How free-roaming donkeys are framed positively and negatively in different global agendas


For thousands of years, the donkey (Equus asinus) has played an essential role in human society, underpinning the earliest forms of civilisation, facilitating critical trade networks, contributing to agricultural development, construction and mining. However, with the rise of motorised transport and agricultural machinery, the donkey was gradually turned loose in many places, and left free to roam. The emergence of free-roaming donkey populations has brought novel challenges for conservationists, land managers and animal welfarists alike. In many places they are categorised as ‘non-native’ and so framed as illegitimate and ‘out of place’.


This project consists of a critical review of academic literature, grey literature (institutional reports, working papers, government documents), media reports, and communications with field researchers and practitioners.
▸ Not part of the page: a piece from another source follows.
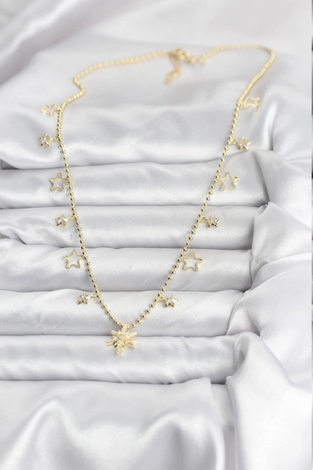 BFS Pirinç Gold Renk Zirkon Taşlı Kutup Yıldızı Model Kadın Kolye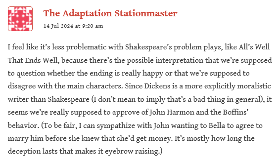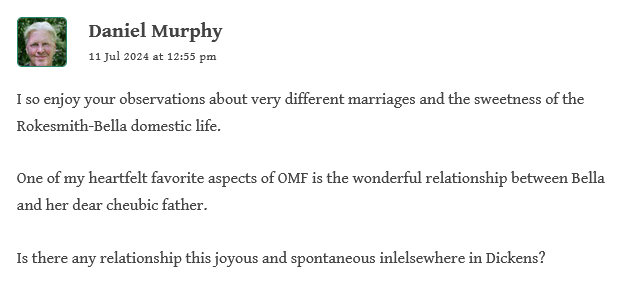 I agreed with Lucy and the Stationmaster here in my comments, feeling that the testing is a kind of Shakespearean Problem Play echoing The Taming of the Shrew; Dickens somehow pulls it off, but it remains a bit problematic because of the length of time that the testing lasts–well beyond marriage, and past the birth of Bella and John’s child.

Articles were identified using a snowball technique (Echeverri et al., 2018), using key search phrases (‘feral donkey’, ‘wild burro’, ‘feral equus asinus’, ‘free-roaming donkey’, ‘free-ranging donkey’, ‘wild donkey’). These articles were then checked for their relevance. Articles were treated as both information sources (to elicit empirical knowledge) and as cultural artefacts (Bowen, 2009; Clarke, 2005) for categorical and thematic analysis as well as critical discourse analysis. Using these articles as representations of societal and scholarly discourse, we systematically reviewed the use of donkey labels and elicited their meaning, in order to reveal inconsistencies and underlying agendas.
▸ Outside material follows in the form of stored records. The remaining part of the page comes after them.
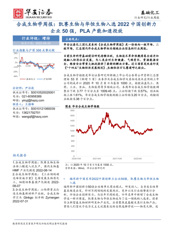 【华安证券】【20220820】合成生物学周报:凯赛生物与华恒生物入选2022中国创新力企业50强,PLA产能加速投放-25页 行业研究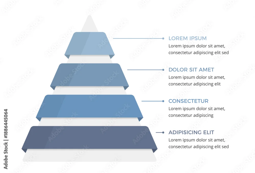 Pyramid diagram with four levels showing hierarchy or process stages, infographic template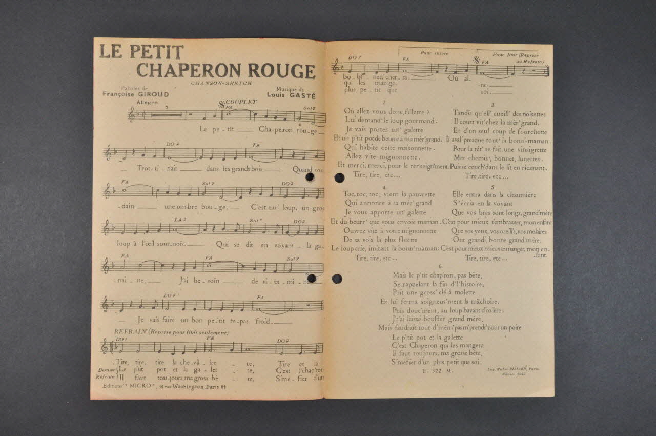 chanson, partition de musique, petit format, Le petit Chaperon Rouge

This project explores the social status of free-roaming donkeys, including how they are perceived, categorised and managed. It explores unique case studies of free-roaming donkeys around the world, including ‘wild burros in America’, ‘rewilded donkeys in Europe’, and ‘street donkeys in Brazil’. It considers how free-roaming donkeys are culturally and ecologically entangled within different landscapes, and then discusses how they might ‘belong’ to those landscapes. It finds that more attention needs to be given to the spaces and places that donkeys create and contribute to, as well as those they disrupt and challenge.